Almost eight months ago in my annual predictions column I made a big deal about Bufferbloat, which was the name Bell Labs researcher Jim Gettys had given to the insidious corruption of Internet service by too many intelligent network devices. Well I’ve been testing one of the first products designed to treat bufferbloat and am here to report that it might work. But like many other public health problems, if we don’t all pay attention and do the right thing, ultimately we’ll all be screwed.

At the risk of pissing-off the pickier network mavens who read this column, Bufferbloat is a conflict between the Internet’s Transmission Control Protocol (TCP) and various buffering schemes designed into network devices like routers and modems as well as into applications on PCs and mobile devices.

TCP was designed in the Bob Kahn and Vint Cerf era to support devices with very limited memory connected over links that maxed-out at around 50 kilobits-per-second.  Network reliability was paramount, trumping speed, the idea being that if there was an ABORT LAUNCH signal sent by the White House it had darned well better be delivered.  So flow control was very robust.

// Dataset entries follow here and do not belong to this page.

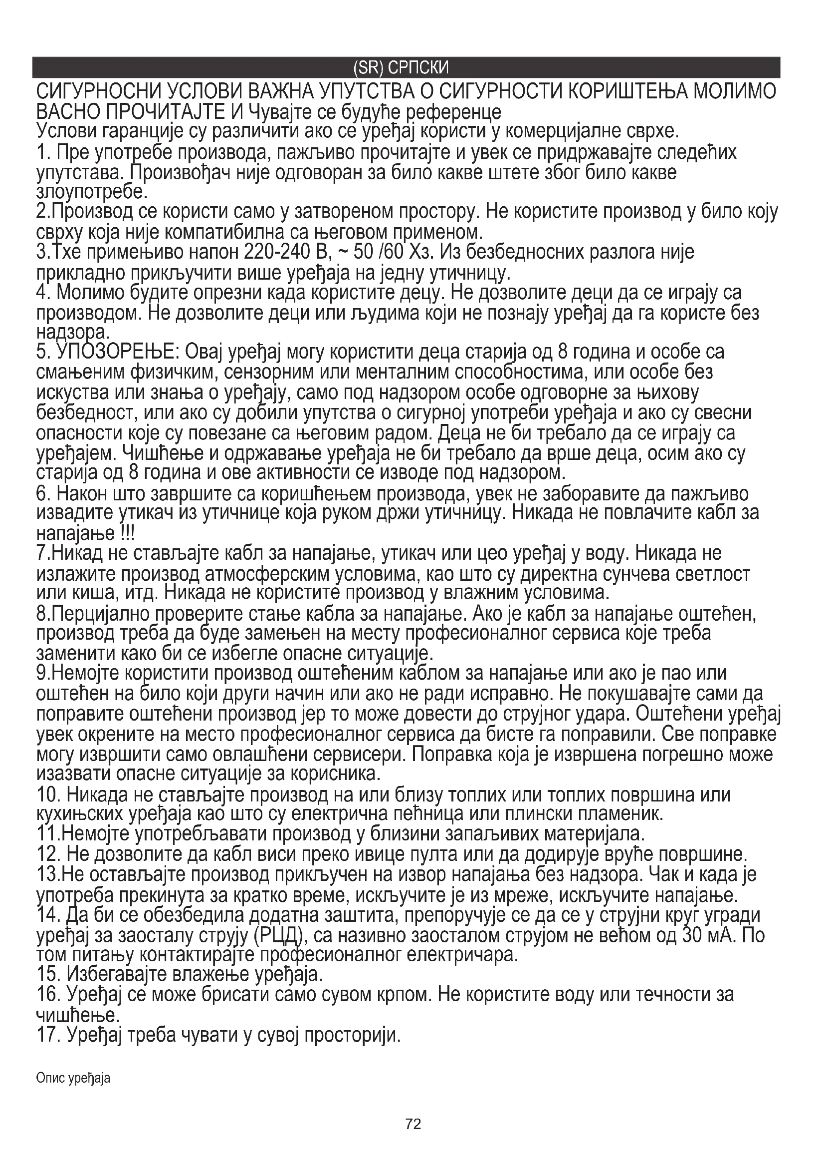5. УПОЗОРЕЊЕ: Овај уређај могу користити деца старија од 8 година и особе са
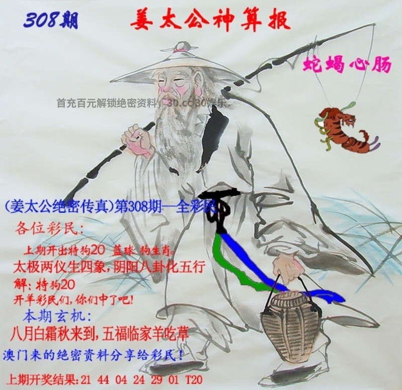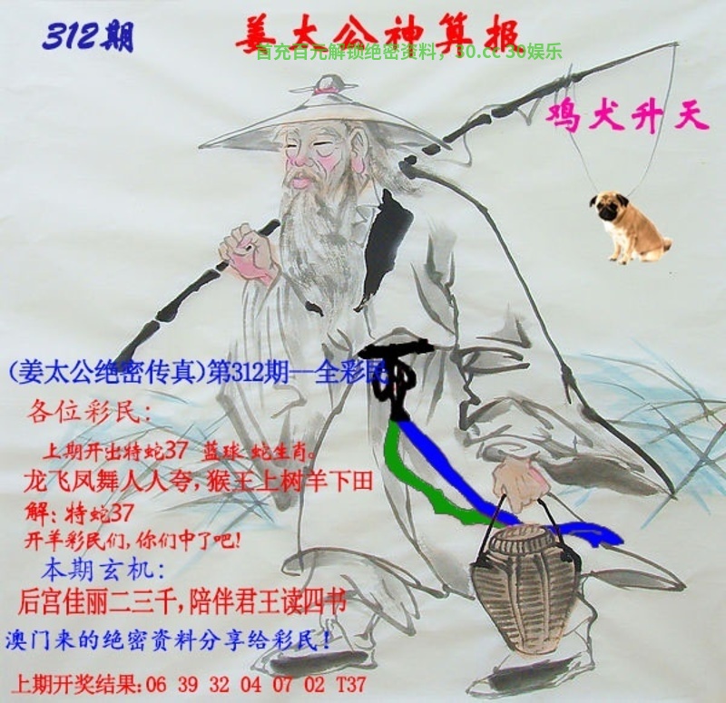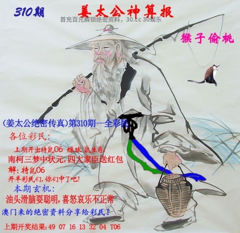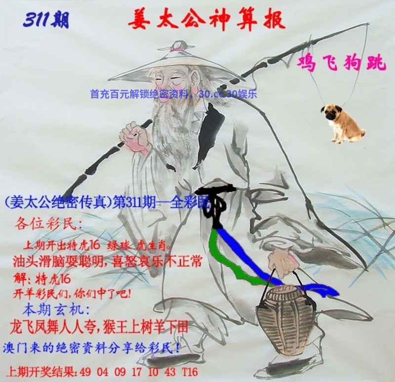 | 【姜太公玄机诗】开:蛇37 311期:上期开出特虎16绿球虎生肖。油头滑脑耍聪明,喜怒哀乐不正常 【解】:龙飞凤舞人人夸,猴王上树羊下田 【综合七肖】鸡羊猪马狗猴蛇 ![]() |
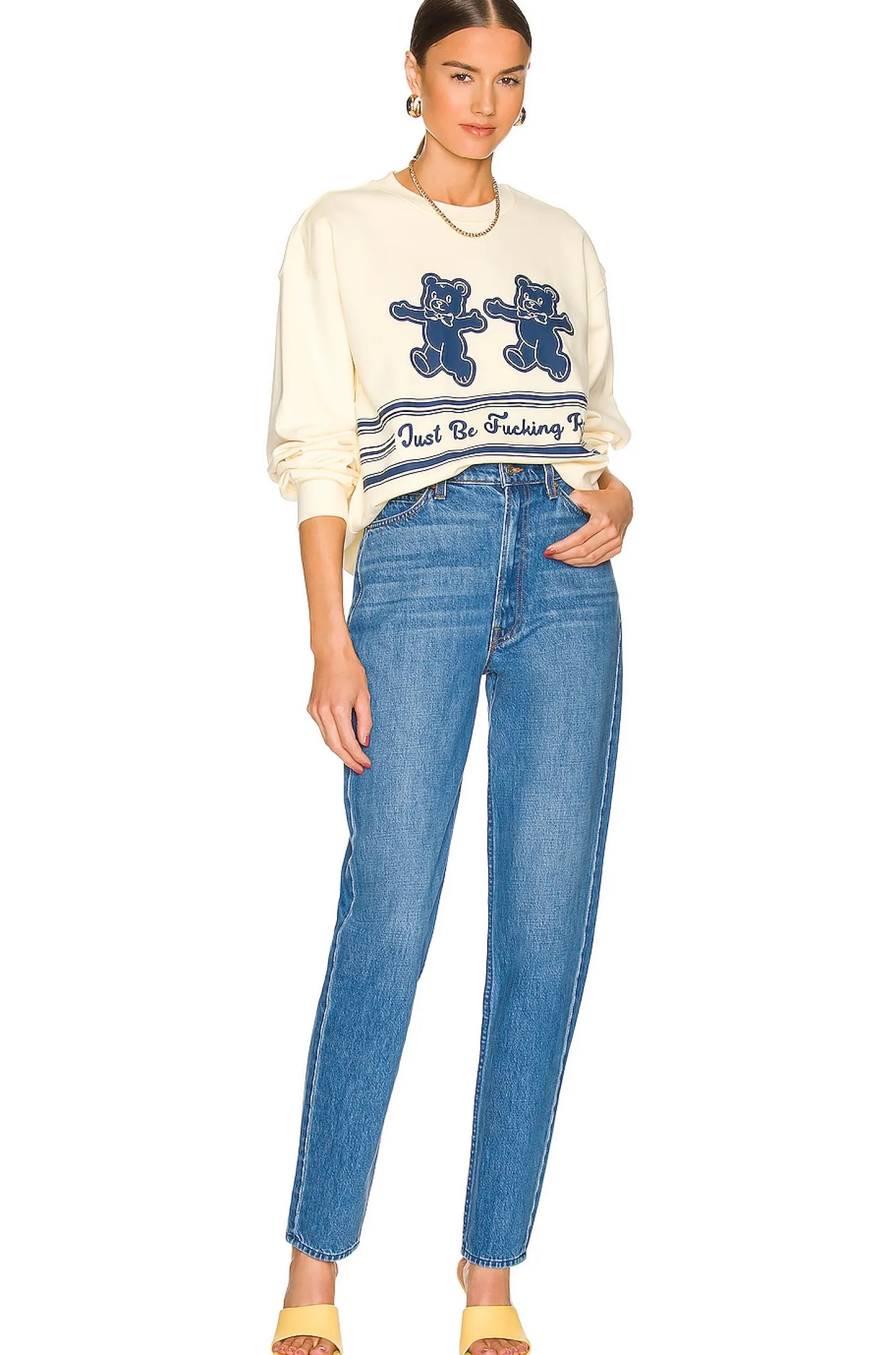 "Just Be Fucking Kind".100% cotton.Made in China.Machine wash.Front graphic.French terry fabric with banded edges.Relaxed fit
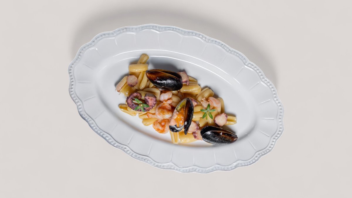 паста,осьминог,креветки,миди,чеснок,перец,чили,вино белое,бульен куриный,слив масло,олив масло,микрозелень
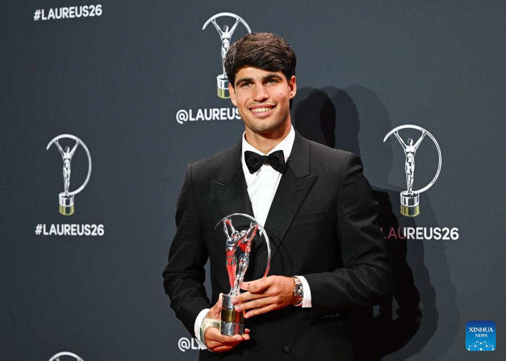MADRID, April 20 (Xinhua) -- Spanish tennis player Carlos Alcaraz was named World Sportsman of the year at the 2026 Laureus World Sports Awards on Monday night.
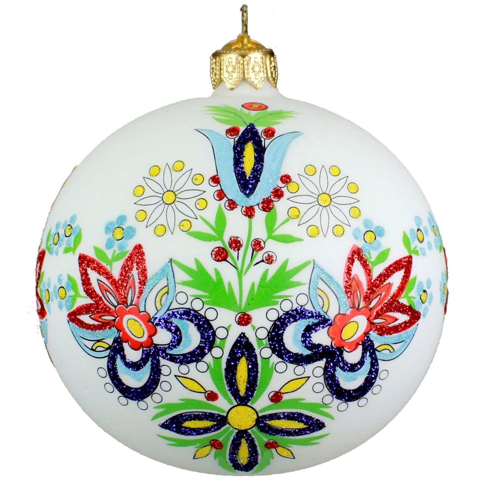 Szklana, ręcznie dekorowana, biała bombka z motywem pęku kaszubskich kwiatów, przyprószonych granatowym brokatem.

But then memory got cheaper, networks got faster, and we started sending new data types like Laverne & Shirley video streams that were intended to be delivered without interruption — something that had never been imagined for a best effort network like the Internet. Our method that eventually emerged for watching TV and other bandwidth-intensive Internet activities was through the clever use of datagram protocols and pre-buffering. Connect to Hulu for an episode of Glee (or to Netflix to watch Cliff Robertson in 633 Squadron as I did last night) and you can watch that buffer fill, making us wait half a minute or so in exchange for an implied guarantee that there will be no further stopping and starting once the video starts to play.

Yet pre-buffering often isn’t enough and the show stops for more buffering or even a change of network connections or speeds — that’s Bufferbloat.

Bufferbloat becomes a problem when you have a buffer in your application (say a video player) a buffer in your PC network connection, another in the router, and another still in your cable or DSL modem. Add to this at least one and sometimes two levels of Network Address Translation (NAT) and things start to get ugly. All that filling and emptying of buffers defeats TCP’s own flow control algorithms leading to the wholesale destruction of network connections that are so confused by cascading buffer effects they don’t even know they’ve been destroyed and so take even longer to be reestablished — up to seven seconds in cases I’ve measured at home.

The solution is to keep buffers as small as possible and to be looking constantly for network performance issues. That’s what happens in Cerowrt, experimental Open Source firmware for certain Netgear N600 routers that I’ve been testing. The N600 is one of the few routers in the market with Open Source software so it is an easy platform for experimentation. And having experimented now for several days I can report that it might even work.

I think my network is running better but there are no good benchmarks yet for this stuff. And to really show obvious effects we should all be running Cerowrt or its closed source counterparts.

One of the issues here is network speed. We need a new marketing term. Broadband connections that clock in excess of 20 megabits-per-second (mbps) yet carry with them latencies in excess of a second aren’t fast at all.  In practice, by turning on bandwidth shaping latency can be easily reduced but that comes at a bandwidth cost.  Your connection may be faster at 20 mbps but much snappier throttled back to 1-2 mbps. “Speed” has been stolen from us as a useful term.

In fact our fixation with Internet speed tests may well be hurting us all in this regard.

I know this problem is both real and within our capability to fix. Hopefully as modem and router manufacturers and network application vendors become more aware of these systemic issues they’ll do the right thing to minimize Bufferbloat in their new products.  The cable industry has already updated its DOCSIS spec to allow a CMTS (Cable Modem Termination System of course) to centrally control buffering in downstream cable modems.  Modems that support the change will probably be in stores later this year, though not broadly deployed for two years or more. This will reduce the bufferbloat problem (though not solve it; you need Active Quality Management for that).

In my example, this DOCSIS change (and a new modem for me) would take latency from 1.2 seconds down to around 100ms. One hundred milliseconds is still too much, but it’s a Hell of a lot better than where we are today.

And if we do nothing? My fear is that sections of the Internet will succumb to a sort of TCP standing wave, large files will become effectively untransportable and Cliff Robertson will never grace my Roku box again.